Challenges Ahead for Global Trade

Despite a general trend towards normalization after a series of global crises, including the Covid-19 pandemic and the Russia-Ukraine war, new geopolitical tensions are surfacing. These include the Israel-Gaza war, the Houthi rebels’ activities in the Red Sea, US-China trade disputes, and the uncertain implications of a potential second Donald Trump presidency in the USA. Such tensions have the capacity to disrupt trade flows, thereby affecting global economic stability.

Impact on Shipping Routes

The Red Sea, a crucial maritime route connected to the Mediterranean by the Suez Canal, has become a hotspot for recent disruptions. The canal, which facilitates about 12% of global shipping traffic, has seen a reduction in the number of transiting commercial vessels due to these tensions. As a result, shipping companies have had to reroute, often taking the longer and more expensive path around the Cape of Good Hope.

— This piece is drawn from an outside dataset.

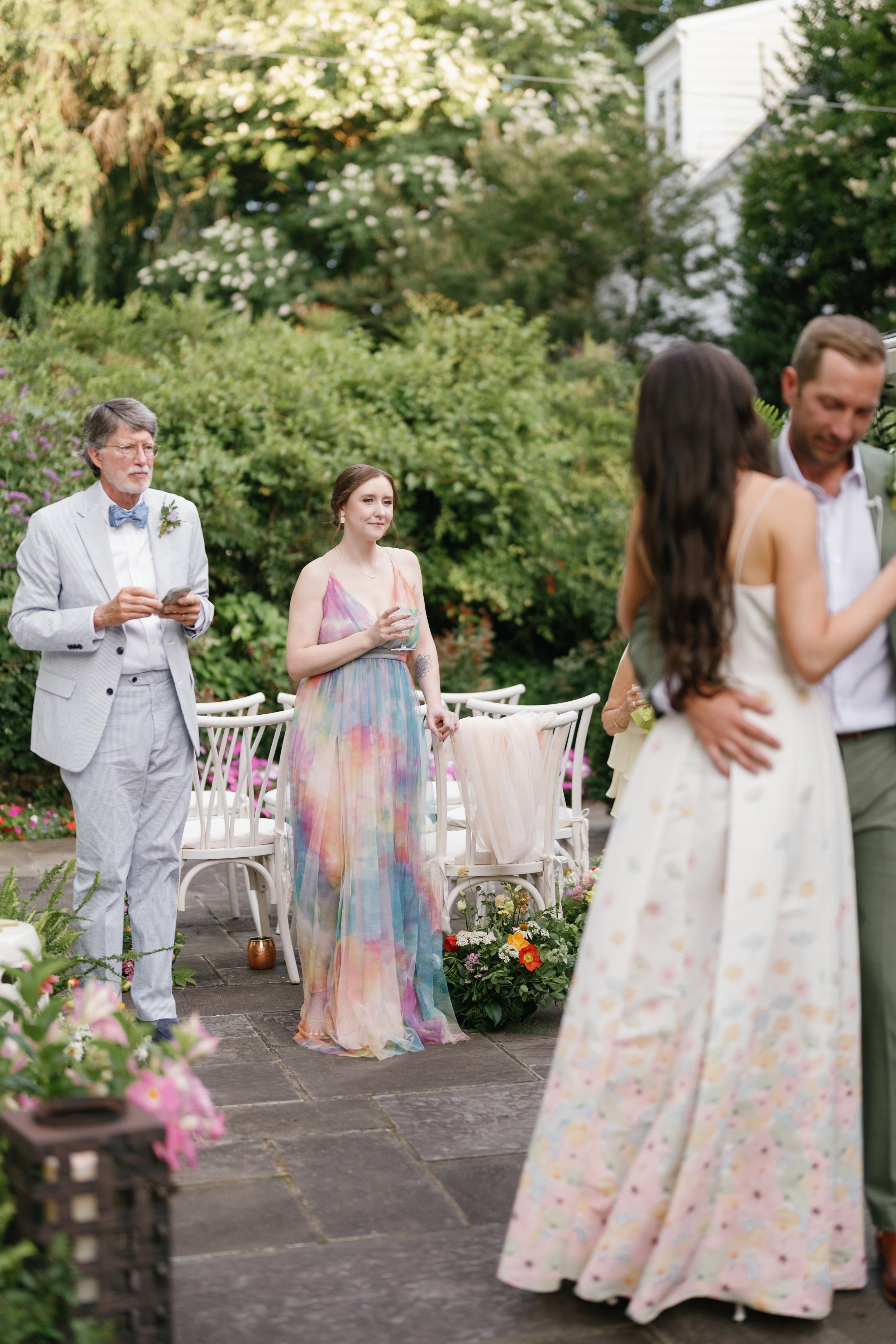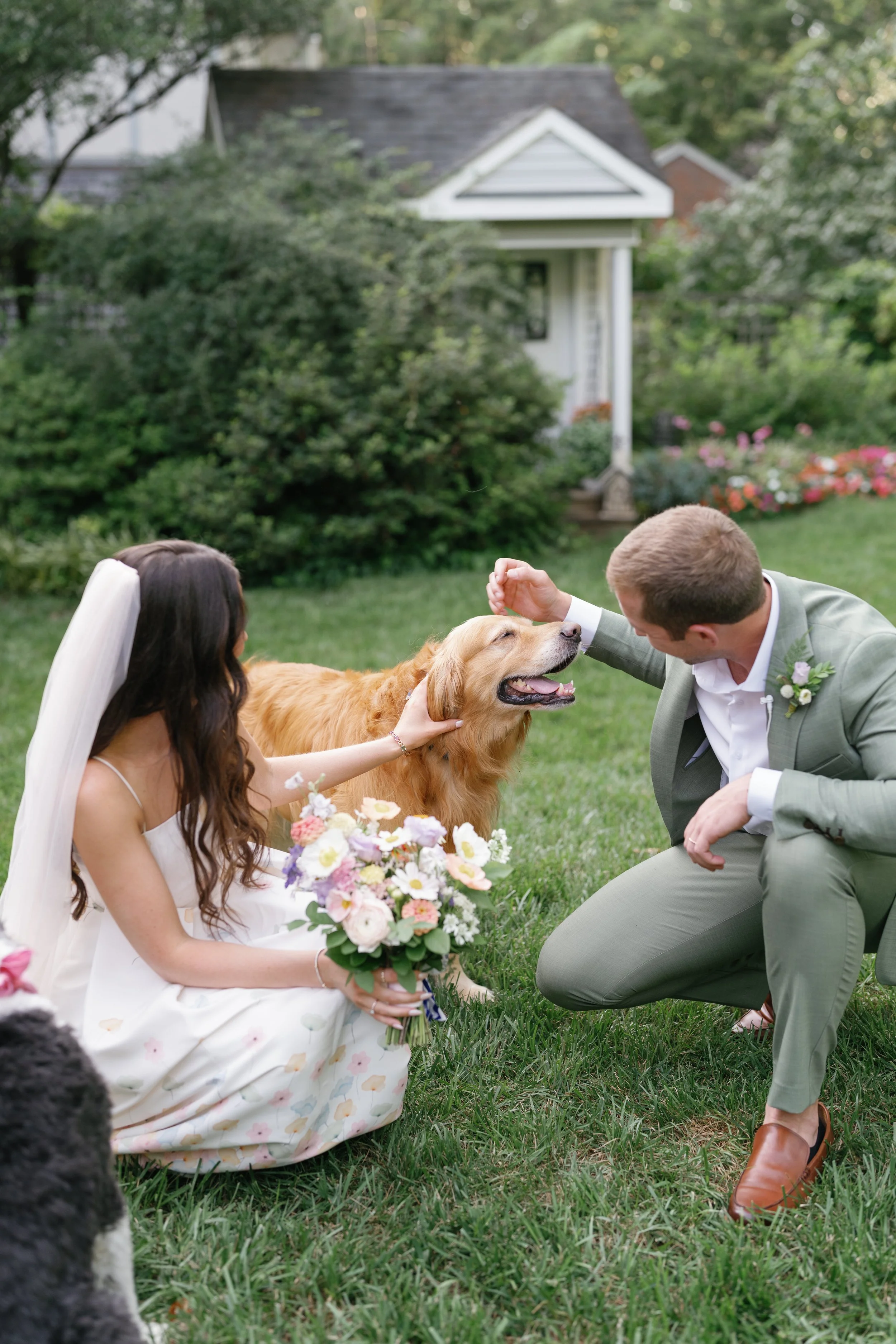 We shared private first dances. We had extra time for family photos without feeling rushed. My dogs wandered freely through the backyard, popping in and out of moments like they belonged there—because they did.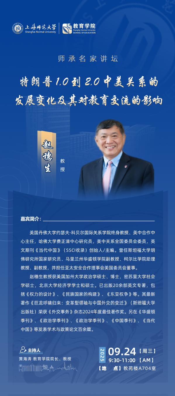 赵穗生教授获美国加州大学政治学硕士、博士,密苏里大学社会学硕士,北京大学经济学学士和硕士。已出版20余部英文专著,包括《权力的设计》、《民族国家的构建》、《东亚权争》等。其最新著作《巨龙呼啸归来:变革型领袖与中国外交的变迁》(斯坦福大学出版社)荣获《外交事务》杂志2024年度最佳著作奖。另在《华盛顿季刊》、《政治学季刊》、《政治学季刊》、《中国季刊》《当代中国》、等发表学术与政策论文百余篇。

Container Freight Rates and Economic Outlook

Freight rates have experienced a sharp increase, doubling or even tripling on major east-west routes compared to the previous year, although they have not reached the peaks of 2021-2022. The WTO’s apprehension is that the recovery could be dampened unless significant geopolitical crises are averted.


The WTO’s perspective on global trade for 2024 is cautiously optimistic, recognizing both the potential for recovery and the substantial risks posed by ongoing and emerging geopolitical tensions. The situation remains dynamic, with the global economy awaiting the concrete outcomes of these multifaceted challenges.